"Mbak Liest, yuk kencan. Aku di Jakarta nih."
"Okey. Kau bisa ke kantorku atau ketemu di mana?"
"Nonton Widji Tukul yuk. Kucari jadwale ya?"
Jadilah, ketemu jadwal 19.00 hari itu di TIM. (Kemudian aku agak menyesal sudah membeli tiket karena pada jam yang sama ada agenda baca puisi Widji Tukul di depan TIM. Tahu gitu kan nyari jadwal lain lalu ikut baca puisi. Ih.)
Bertemu Mbak Liest tentu saja selalu istimewa. Kayak selalu kurang waktu untuk curhat, untuk apa saja. Tapi kesempatan nonton bareng apalagi film yang ini, tentu sangatlah ok.
Nah ya. Film ini mungkin mengecewakan bagi banyak aktifis yang berharap menampilkan sisi heroik Widji. Tapi bagiku, ini film yang sangat pas. Tepat. Bukan hanya menampilkan kesenyapan, tapi benar-benar mengajak untuk senyap. Huft.

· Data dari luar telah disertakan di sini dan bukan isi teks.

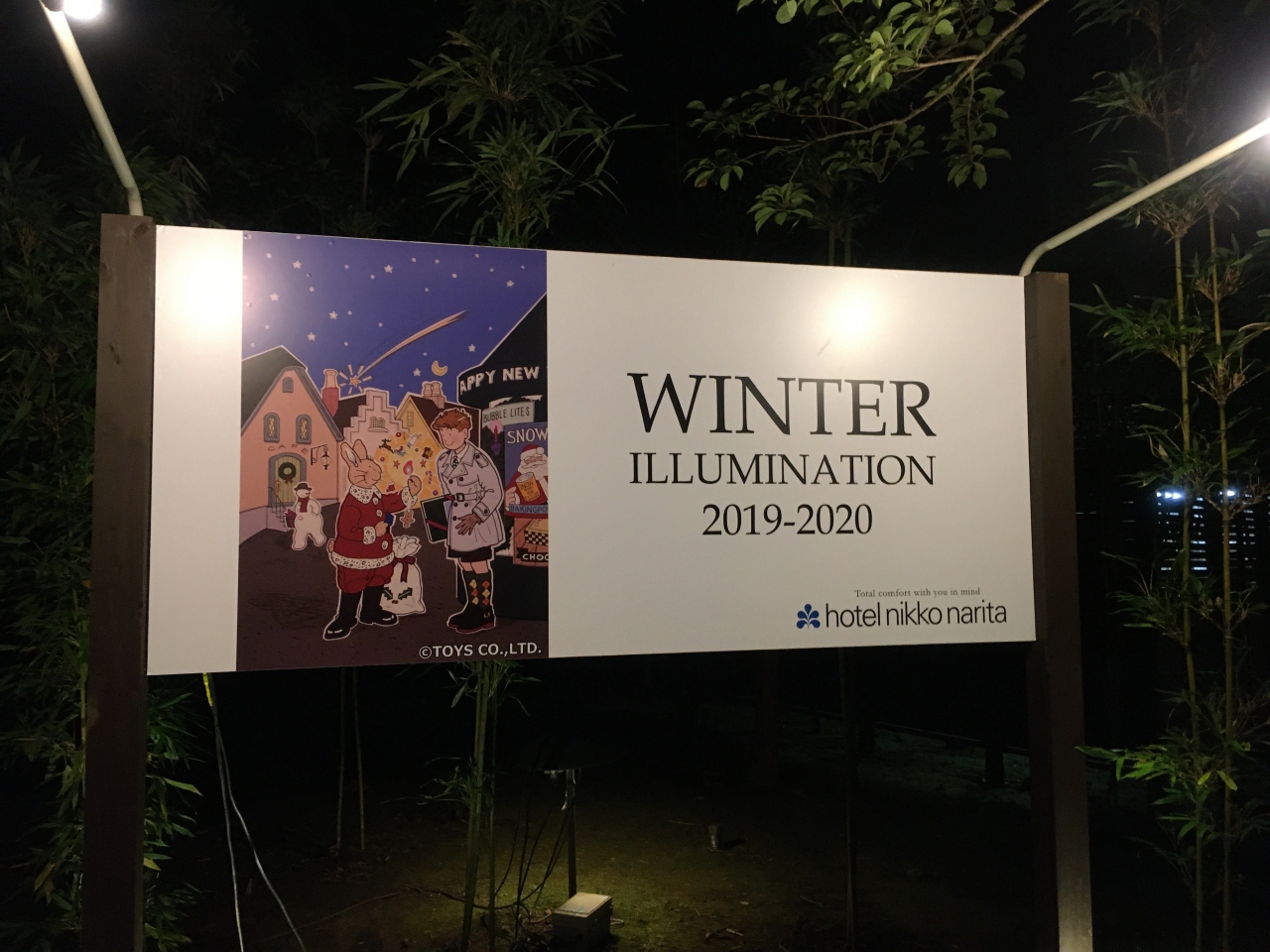 部屋からは空港を飛び立つ飛行機や、庭のイルミネーションが見えました。
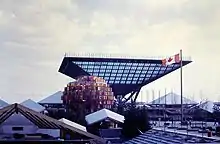 • Canadian Pavilion - The distinctive building in the form of a large inverted pyramid called the Katimavik, which is the Inuit word for "Gathering Place". The pavilion was located on a 30,285 sq metre lot and designed by Roderick Robbie, Colin Vaughan, Paul Schoeler and Matt Stankiewicz, with consulting architects Evans St. Gelais and Arthur Erickson. The major attractions in the building included a rotating cinema.
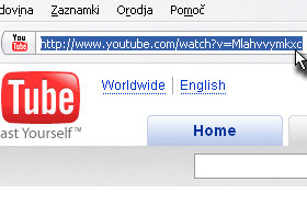 Sedaj pa označite celoten spletni naslov, kot je prikazano na sliki.
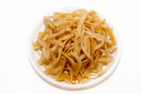 Preserved bamboo shoot slices on white background.
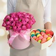 Композиция из 8 макарун и роз

Puisi-puisi Widji yang populer lugas garang, sangat pas untuk aksi di jalanan, kali ini disuarakan dengan sangat ... hmmm katakanlah romantis. Manusiawi. Mengusik, bikin marah, sedih atau tertawa.
“Puisi Kemerdekaan”
Kemerdekaan adalah nasi
Dimakan jadi tai
Dimakan jadi tai
Widji Tukup, Agustus 1982
Nah ya. Aku sungguh-sungguh terusik.